Although most volcanic and tectonic activity on Mars occurred during the first 1.5 billion years of its geologic history, recent volcanism, tectonism, and active seismicity in Elysium Planitia reveal ongoing activity. However, this recent pulse in volcanism and tectonics is unexpected on a cooling Mars.
A new study by scientists from the University of Arizona presents multiple lines of evidence that reveal the presence of a giant active mantle plume on present-day Mars. The study challenges current views of Martian geodynamic evolution with a report on discovering an active mantle plume pushing the surface upward and causing earthquakes and volcanic eruptions.
Jeff Andrews-Hanna, an associate professor of planetary science at the LPL, said, “We have strong evidence for mantle plumes being active on Earth and Venus, but this isn’t expected on a small and supposedly cold world like Mars. Mars was most active 3 to 4 billion years ago, and the prevailing view is that the planet is essentially dead today.”
Adrien Broquet, a postdoctoral research associate at the UArizona Lunar and Planetary Laboratory, said, “A tremendous amount of volcanic activity early in the planet’s history built the tallest volcanoes in the solar system and blanketed most of the northern hemisphere in volcanic deposits. What little activity has occurred in recent history is typically attributed to passive processes on a cooling planet.”

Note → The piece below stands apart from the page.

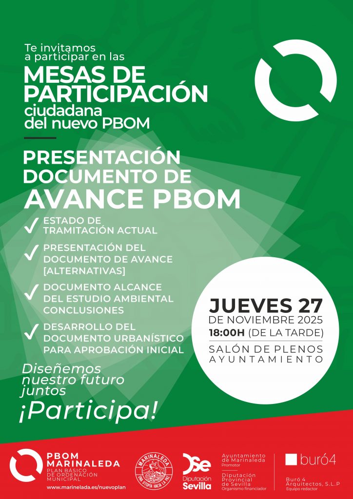 El Ayuntamiento de Marinaleda te invita a participar en la presentación del Documento de Avance del Plan Básico de Ordenación Municipal (PBOM), un paso clave dentro del proceso de planificación urbanística del municipio.

The Elysium Planitia plain, located in the northern lowlands of Mars near the equator, caught the attention of scientists due to a startling level of activity. Elysium Planitia has undergone significant eruptions over the past 200 million years, in contrast to other volcanic zones on Mars that haven’t experienced significant activity in billions of years.
Andrews-Hanna said, “Previous work by our group found evidence in Elysium Planitia for the youngest volcanic eruption known on Mars. It created a small explosion of volcanic ash around 53,000 years ago, which in geologic time is essentially yesterday.”
The Cerberus Fossae, a series of young fissures that span more than 800 miles over the Martian surface, is the source of the volcanism in Elysium Planitia. Recently, the InSight team at NASA discovered that almost all marsquakes originate from this area. Although the young age of this volcanic and tectonic activity had been established, its root cause was still unknown.
Broquet said, “We know that Mars does not have plate tectonics, so we investigated whether the activity we see in the Cerberus Fossae region could be the result of a mantle plume.”
The scientists discovered evidence of a similar series of events on Mars when they examined the features of Elysium Planitia. One of the highest places in Mars’ vast northern lowlands, the surface has been raised by more than a mile. The existence of a mantle plume is compatible with the uplift being supported from deep within the globe, according to analyses of minor fluctuations in the gravitational field.
Additional measurements supported the theory that something pushed the surface up after the craters formed by revealing that the floor of impact craters is inclined in the direction of the plume. Finally, when scientists used a tectonic model to the region, they discovered that the only explanation for the extension that created the Cerberus Fossae was the existence of a massive plume 2,500 miles wide.
Broquet said, “In terms of what you expect to see with an active mantle plume, Elysium Planitia is checking all the right boxes. The finding poses a challenge for models used by planetary scientists to study the thermal evolution of planets. This mantle plume has affected an area of Mars roughly equivalent to that of the continental United States. Future studies will have to find a way to account for a huge mantle plume that wasn’t expected to be there.”
“We used to think InSight landed in one of the most geologically boring regions on Mars – a nice flat surface that should roughly represent the planet’s lowlands. Instead, our study demonstrates that InSight landed right on top of an active plume head.”
“Having an active mantle plume on Mars today is a paradigm shift for our understanding of the planet’s geologic evolution, similar to when analyses of seismic measurements recorded during the Apollo era demonstrated the moon’s core to be molten.”
Scientists noted, “Their findings could also have implications for life on Mars. The studied region experienced floods of liquid water in its recent geologic past, though the cause has remained a mystery. The same heat from the plume fueling ongoing volcanic and seismic activity could also melt ice to make the floods – and drive chemical reactions that could sustain life deep underground.”
Andrews-Hanna said, “Microbes on Earth flourish in environments like this, and that could be true on Mars, as well. The discovery goes beyond explaining the enigmatic seismic activity and resurgence in volcanic activity. Knowing that there is an active giant mantle plume underneath the Martian surface raises important questions regarding how the planet has evolved. We’re convinced that the future has more surprises in store.”